Because the instances of power-corrupted bad decisions are so prevalent in parts of the ATO (not all parts) over the next 12 months we are going to see the tax commissioner hauled before the courts, Douglass style, to justify the actions of his people. If the ATO loses those cases then thousands of people will have been wrongly “named” to credit bureaus and bankrupted. Inevitably that will cause the biggest set of “rectification” and damages claims against the ATO in Australia’s history. Fortunately there is a very simple and non-court solution to the problem which will greatly enhance the credibility and fairness of our tax system although be opposed by the ATO because it ends their total power. Total power almost always corrupts. All those who are in line to be named and therefore bankrupted and put out of business should be given the right to appeal to the Inspector-General of Taxation who must be given the power to make a ruling binding on both sides.
The Inspector-General of Taxation is a government body, which has won high respect from both the ATO itself and from those outside the ATO. Currently it can look at cases but can’t make a binding decision. For example it looked at the Douglass case and saw it was fictitious nonsense but the ATO people ignored the inspector-general because what they were doing to Douglass is merely what they have been doing to countess thousands of unfortunate people over the years. That’s how the system works. They never dreamt Douglass would take them to court, there would be extensive commentary and that the commissioner himself would discover the fiction. The Inspector-General of Taxation should take over the role of being the main appeal process not just for those who have over due tax but all future tax cases. Running down the current internal appeal system in the ATO would fund the extra resources required.
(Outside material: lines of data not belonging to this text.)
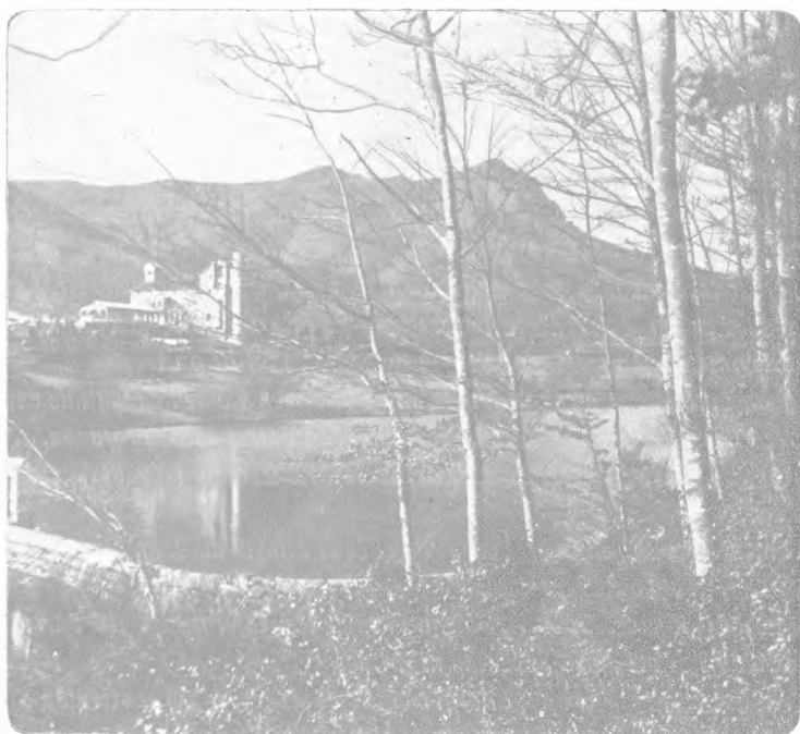
Presa de Santa Fe de Montseny
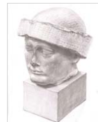
平成28年度 合格者答案 《グデア》
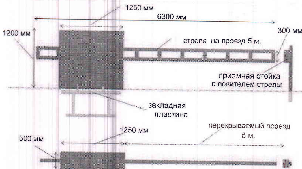
Рис. 2. Габаритные размеры
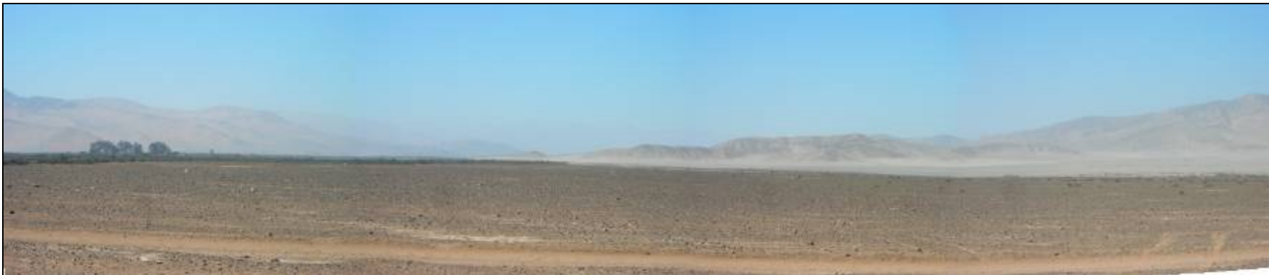
Fotografía 5.16-19: Unidad de Paisaje Llanos de La Liebre y de la Isla. Al fondo centro derecha estribaciones septentrionales de la Sierra de Monardes. Al centro izquierda valle del Río Copiapó se aprecia borde verde que contribuye e enmarcar la visual de la unidad hacia el norte y noreste.
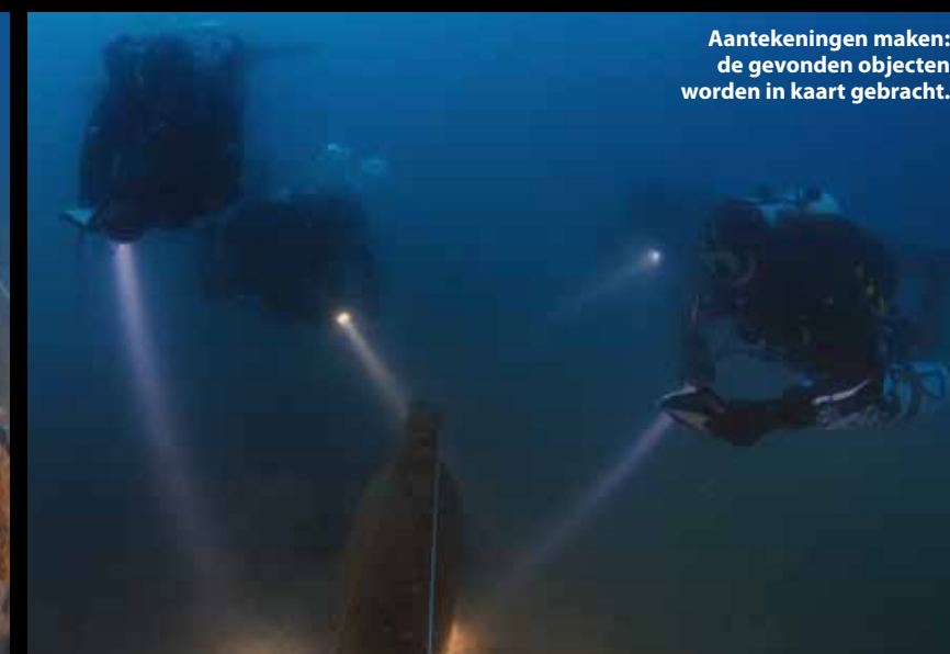
Aantekeningen maken: de gevonden objecten worden in kaart gebracht.
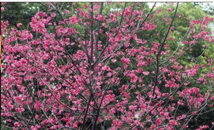
過年期間山櫻花正在盛開，喜氣洋洋
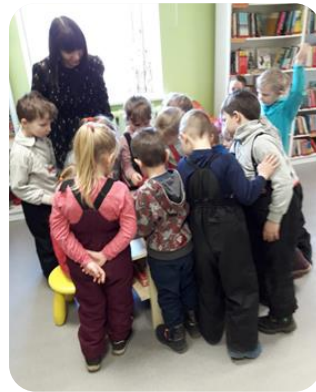
Tematiskais rīts "Mans mīldzīvnieks" PII "Vecauce" Auces bibliotēkas Bērnu nodaļas abonementā
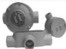
CAJAS DE PASE

MATERIALES PARA ZONAS CON RIESGO DE EXPLOSIÓN
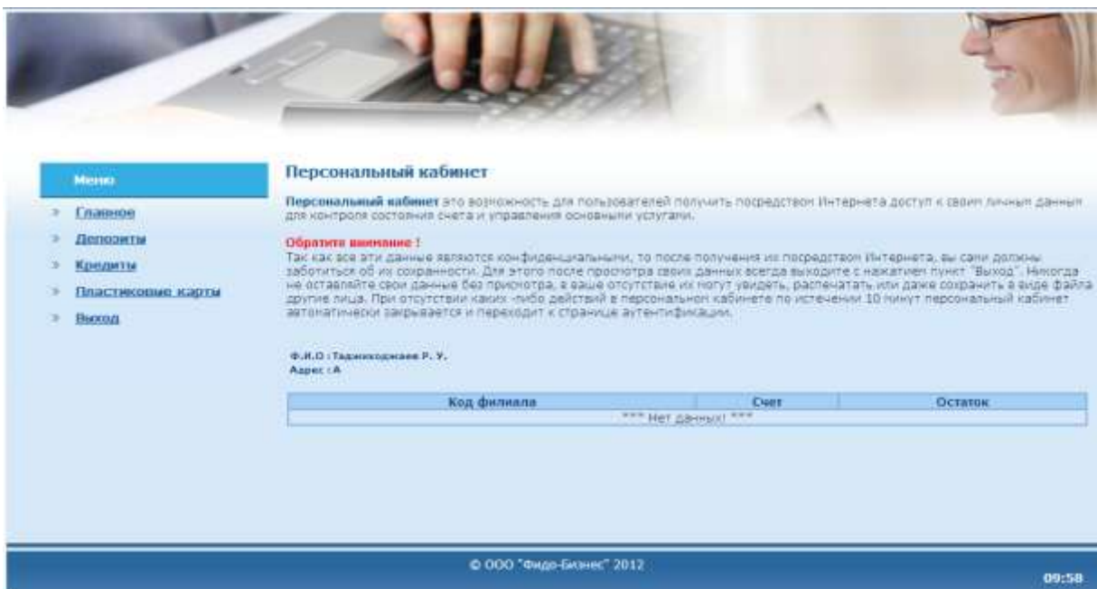
Рис. 2. Главное.

Работа в персональном кабинете после авторизации пользователя начинается с меню « Главное ». Здесь представлена основная информация о пользователе ( физическое лицо ): Фамилия Имя Отчество; Адрес; код филиала, в котором пользователь обслуживается, а также 20-значный счет и имеющийся остаток на данном счете.
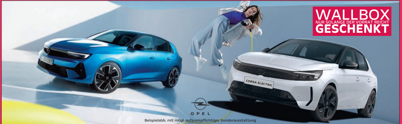
Beispielabb. mit mögl. aufpreispflichtiger Sonderausstattung

* Die tatsächliche Reichweite kann unter Alltagsbedingungen abweichen und ist von verschiedenen Faktoren abhängig, insbesondere von persönlicher Fahrweise, Streckenbeschaffenheit, Außentemperatur, Nutzung von Heizung und Klimaanlage sowie thermischer Vorkonditionierung. ** Die einmalige Leasingsonderzahlung kann eventuell auch der staatliche Umweltbonus sein, der auf Antrag bei Erfüllung der Fördervoraussetzungen gewährt werden kann. Weitere Informationen zum Umweltbonus und zur Antragstellung unter www.bafa.de . 1) Preisvorteil gegenüber der unverbindlichen Preisempfehlung des Herstellers am Tag der Erstzulassung. 2) Laufzeit 24 Monate (Corsa) bzw. 30 Monate (Astra, Grandland), Laufleistung 10.000 km / Jahr zzgl. 1.095,- € Fracht. Ein Leasingangebot der Stellantis Bank S.A., Siemensstraße 10, 63263 Neu-Isenburg, für die der Angebotsleistende als ungebundener Vermittler tätig ist. 3) Nur bei Kauf eines der beworbenen Aktionsmodelle und nur solange Vorrat reicht.
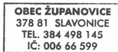
Luboš Bureš Starosta obce

Dle ust. § 97 stavebního zákona do 15 dnů ode dne veřejného projednání, tj. do 15.3.2025 včetně , může každý uplatnit písemně své připomínky k návrhu územně plánovací dokumentace a vyhodnocení vlivů. K připomínkám uplatněným po stanovené lhůtě nebo uplatněným ve věcech, o kterých bylo rozhodnuto v nadřazené územně plánovací dokumentaci, se nepřihlíží.
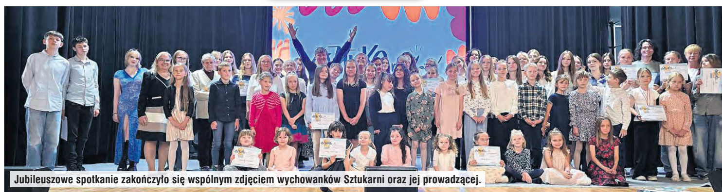
Jubileuszowe spotkanie zakończyło się wspólnym zdjęciem wychowanków Sztukarni oraz jej prowadzącej.
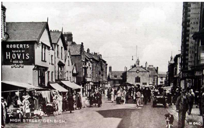
Yn ôl i'r 'hen ddyddiau da'? Gallai marchnad Dinbych ddod o hyd i gartref dros dro ar stryd fawr y dref unwaith eto

Yn unol â'r adborth a dderbyniwyd hyd yn hyn gan fusnesau a thrigolion o gwmpas y Sir, rydym am sicrhau bod canol tref Dinbych yn teimlo'n ddiogel a chroesawgar, ac i sicrhau ein bod yn cefnogi rhai o dafarndai, bwytai a chaffis Dinbych i greu mannau awyr agored diogel i'w cwsmeriaid dreulio amser gyda ffrindiau neu deulu.
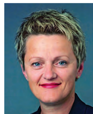
Renate Künast Bundesministerin für Verbraucherschutz, Ernährung und Landwirtschaft
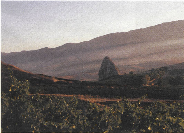
Sizilianische Landschaften mit Oliven, Reben, Getreide.

Auf der nur in einer Sprache bedruckten Packung hatte ich ein mir bisher unbekanntes Label entdeckt: Le terre libere dalle mafie. Land, befreit aus der Macht der Mafia. Es versetzte mich unwillkürlich in den Alltag des Bauern bzw. in längst vergangene Ferien in Sizilien zurück. Wird nun bald die Wasserpumpe für den Olivenhain defekt sein? Kommen demnächst die Kinder mit seltsam verschlossenen Augen aus der Schule nach Hause? Werde ich morgen beim Grubbern des Weizenfeldes – mit Blick über den griechischen Tempel aufs Meer hinaus – samt Traktor von einer Mine in die Luft gerissen?
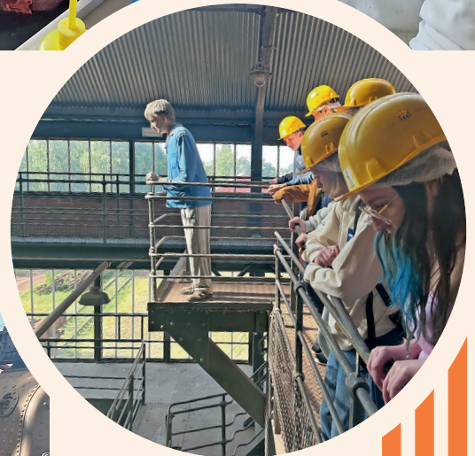
Visite du musée de la mine à Lewarde.
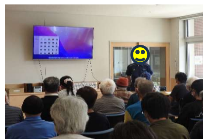
真剣に講話を聴いています
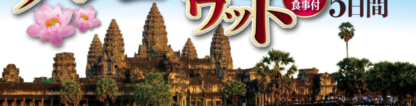
世界遺産・アコールワット(イメージ)
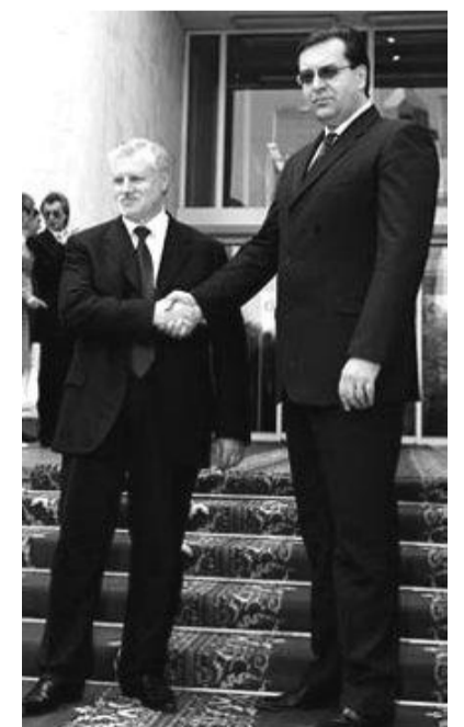
На фото: Давние связи с Россией - М. Лупу и С. Миронов

Окончательно заручившись российской поддержкой, Мариан Лупу может позволить себе более уверенно настаивать на своей точке зрения внутри правящего альянса. Он, в частности, уже заявил, что настаивает на изменении статьи 78
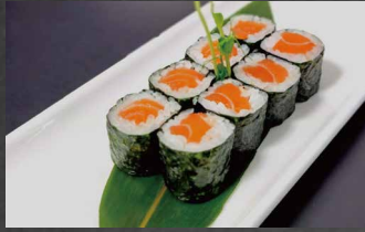
064 - HOSOMAKI SAKE salmone, riso, alghe 🐟🌿 (8pz)

If Turnbull and Morrison strengthen the integrity of the tax system by taking that step then when the bankruptcy complaints hit the fan they will be able to say that they made sure that moneys were owed by inserting an independent and reputable appeal system. And even more important going forward, all smaller enterprises would have the protection of a proper independent appeal system. Under this system if the ATO claim is true (as defined by an independent appeal process) then the tax officials can go for a staggered payment system and if that can’t be reached they can go their hardest. But if the ATO claim is a trumped-up case like Douglass then small enterprise will be protected. It adds enormous assurance to small enterprises and credibility to the governments claims that it wants to foster innovation.